Приговор – восемь лет заключения «с правом переписки» – по тем временам считался отнюдь не суровым, но мы восприняли его как чудовищную несправедливость. После суда мама получила право на короткое свидание с отцом, но об этом свидании она никогда нам не рассказывала. Она не могла не увидеть следов жестоких пыток, которым подвергали отца и которые все же не заставили его признать себя виновным. Отец разрешил маме продавать все книги из своей библиотеки, кроме книг по философии, истории, политэкономии. Эти книги, однако, пропали позднее по разным причинам в перипетиях войны и эвакуации, и только две книги из отцовской библиотеки сохранились ныне на моих книжных полках.
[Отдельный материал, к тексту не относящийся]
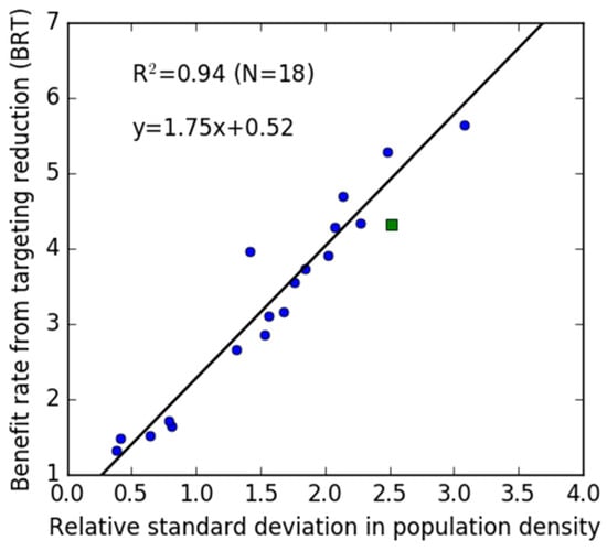 Figure 9 shows relationship between the BRT value and relative standard deviation (a ratio of standard deviation and mean) of population density for eighteen districts of Hong Kong. Each blue point represents a specific district. The green square represents Hong Kong. A high coefficient of determination (R2) of 0.94 (N = 18) with a slope of 1.75 and an intercept of 0.52 was found between the two variables. This high association indicates that the benefit resulting from targeting reduction becomes more substantial in regions with a greater spatial variability in population density.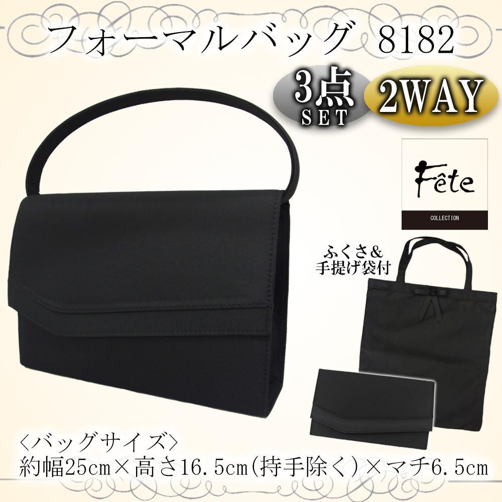 持手を取り外してクラッチバッグとしても使える2WAY仕様のフォーマルバッグに、ふくさ、手提げ袋が付いた3点セットです。ふくさと手提げ袋もバッグと同じマイクログログラン・グログラン生地を使用し、シンプルに仕上げています。 |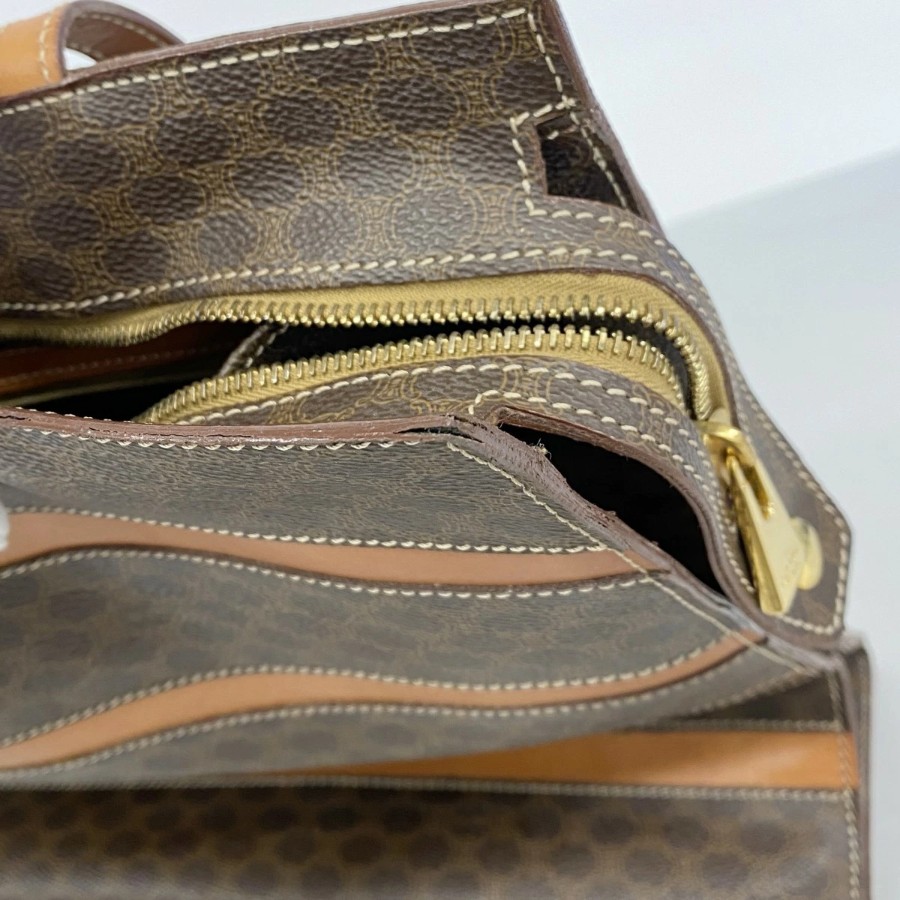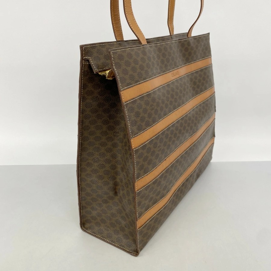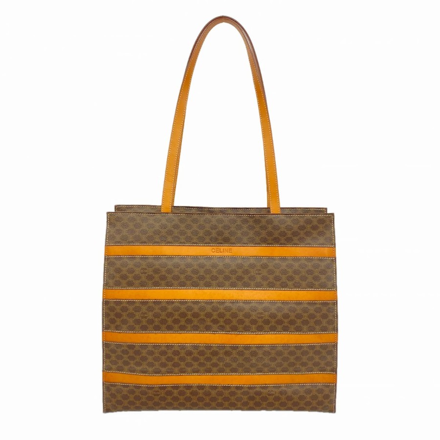 【6dc3491】セリーヌ トートバッグ マカダム PVC ブラウン ゴールド金具【中古】レディース

После выселения из академического дома наши дальние родственники взяли к себе не только книги отца, но и нас с Жоресом, и мы жили в Москве еще несколько месяцев в переулке рядом с Бутырской тюрьмой, где больше полугода подвергали пыткам отца, – но узнали об этом позднее. Мама стала работать в подмосковном городе Клин и жила, вероятно, в каком-то общежитии. Много лет в нашей семье жила няня – молодая девушка Настя из белорусского села. Когда мы подросли, она осталась у нас, помогала по хозяйству. После ареста отца ей пришлось уехать домой. Летом 1939 года, по договоренности с мамой, Настя приехала в Москву и забрала нас с Жоресом к себе в село, где мы прожили целое лето. Мы пили домашнее молоко, ели яичницу, овощи и фрукты – голодные годы в деревне уже отошли в прошлое. Ловили рыбу для дома и даже немного зарабатывали. Рядом с селом был Днепр, одна из проселочных дорог вела на другой берег – в Смоленскую область. Моста на реке не было, а был перевоз, и мы с Жоресом на лодке перевозили желающих с одного берега на другой. Плата за перевоз была, кажется, 20 копеек. Свой заработок мы отдавали, конечно, Насте, которая работала в соседней МТС. Уже после войны мама долго пыталась разыскать нашу добрую няню, но безрезультатно. Именно здесь, на переправе и под Смоленском, в 1941 году шли многодневные тяжелые бои.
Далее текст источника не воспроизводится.